If `|z_1=1,|z_2|=2,|z_3|=3 and |z_1+z_2+z_3|=1, then |9z_1z_2+4z_3z_1+z_2z_3|` is equal to

To solve the problem step by step, we need to find the value of \( |9z_1z_2 + 4z_3z_1 + z_2z_3| \) given the conditions \( |z_1| = 1 \), \( |z_2| = 2 \), \( |z_3| = 3 \), and \( |z_1 + z_2 + z_3| = 1 \). ### Step 1: Factor out the common terms We can factor out \( z_1 z_2 z_3 \) from the expression: \[ |9z_1z_2 + 4z_3z_1 + z_2z_3| = |z_1 z_2 z_3| \cdot |9/z_3 + 4/z_2 + 1/z_1| \] ### Step 2: Calculate the modulus of \( z_1 z_2 z_3 \) Using the properties of modulus: \[ |z_1 z_2 z_3| = |z_1| \cdot |z_2| \cdot |z_3| = 1 \cdot 2 \cdot 3 = 6 \] ### Step 3: Evaluate \( |9/z_3 + 4/z_2 + 1/z_1| \) Now we need to evaluate the term \( |9/z_3 + 4/z_2 + 1/z_1| \).
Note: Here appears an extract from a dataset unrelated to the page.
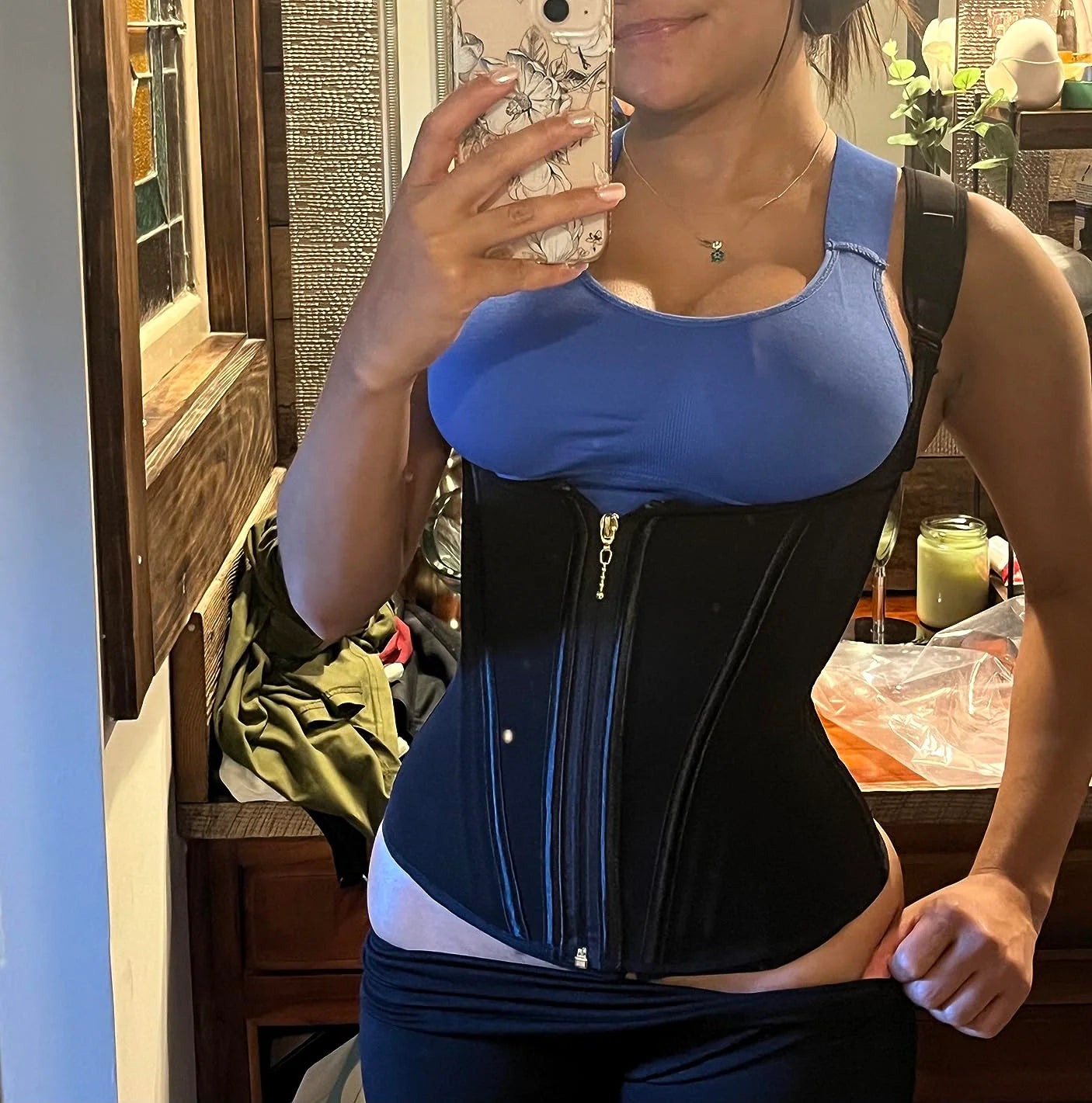 SHAPSHE Waist Shapewear is made of double fabrics. The inner layer is designed with mesh, it is lightweight, breathable, and sweat-wicking, which is more suitable as a workout waist shapewear for women. The outer layer is 80% nylon + 20% spandex, high-elastic fabric to allow you to stretch freely.SHAPSHE Waist Shapewear adopts a U-shaped design to make your chest straight, and 17 elastic memory steel bones surround it to enhance the support of the waist, back, and abdomen in all directions.The Double Tummy Control Effect is because it has 3 rows of adjustable hook-and-eye closures to provide you with a more suitable size. The metal zipper is beautiful and practical, and it is invisible after the zipper is closed. And the adjustable shoulder strap with shoulder pads can be adjusted according to your needs. The workmanship is exquisite, and the perfect seaming process highlights the quality.

We will rewrite each term using the conjugates: \[ \frac{9}{z_3} = \frac{9 \cdot \overline{z_3}}{|z_3|^2}, \quad \frac{4}{z_2} = \frac{4 \cdot \overline{z_2}}{|z_2|^2}, \quad \frac{1}{z_1} = \frac{1 \cdot \overline{z_1}}{|z_1|^2} \] Substituting the moduli: \[ |9/z_3 + 4/z_2 + 1/z_1| = \left| \frac{9 \cdot \overline{z_3}}{9} + \frac{4 \cdot \overline{z_2}}{4} + \frac{\overline{z_1}}{1} \right| = |\overline{z_3} + \overline{z_2} + \overline{z_1}| \] ### Step 4: Use the property of conjugates Using the property of conjugates: \[ |\overline{z_1} + \overline{z_2} + \overline{z_3}| = |z_1 + z_2 + z_3| \] Given \( |z_1 + z_2 + z_3| = 1 \), we have: \[ |\overline{z_1} + \overline{z_2} + \overline{z_3}| = 1 \] ### Step 5: Combine the results Now we can combine our results: \[ |9z_1z_2 + 4z_3z_1 + z_2z_3| = |z_1 z_2 z_3| \cdot |9/z_3 + 4/z_2 + 1/z_1| = 6 \cdot 1 = 6 \] ### Final Answer Thus, the value of \( |9z_1z_2 + 4z_3z_1 + z_2z_3| \) is \( \boxed{6} \).